Глаза ребенка были закрыты, а веки были белыми как мрамор. Веки тихо затрепетали, и на Лайлу глянули два серо-голубых глаза. Ребенок лежал в круге света. Лайла прижала его к себе, но свет не исчез. И когда Лайла поняла, что девочка узнала ее, она расплакалась и плакала так долго, что залила солеными слезами и себя, и дочь.

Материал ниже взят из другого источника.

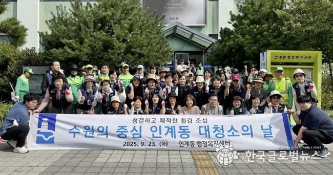 (한국글로벌뉴스 - 박소연 기자) 수원시 팔달구 인계동은 지난 23일 오전, 인계동 수원시청 부근 인계박스 및 장다리로 일대 등 화단과 대로변을 중심으로 인계동 단체, 환경 관리원 및 주민 등 70여 명과 함께 추석맞이 일제 대청소를 실시했다.

Свет, который окружал девочку, был виден сквозь щель под дверью спальни. Он медленно выполз в холл, откуда разлился по всем комнатам. Ричард заметил бы его, если бы в это время не лежал на спине, уставившись в потолок. Ему так хотелось прижаться к жене, но было уже поздно, и он не осмелился беспокоить Лайлу. Другое дело, если бы она сама позвала его. Ричард тут же заснул, наверное, потому, что понял: спать в столовой ему придется еще очень и очень долго. Но каждую ночь, перед тем как идти спать, Ричард стоял под дверью их спальни, и каждую ночь Лайла слышала, что он там. Но ни один из них не мог сделать шаг навстречу другому. Между ними возникла тонкая стеклянная перегородка. И стояла до тех пор, пока они не отдалились друг от друга настолько, что расстояние между ними было как до ближайшей звезды.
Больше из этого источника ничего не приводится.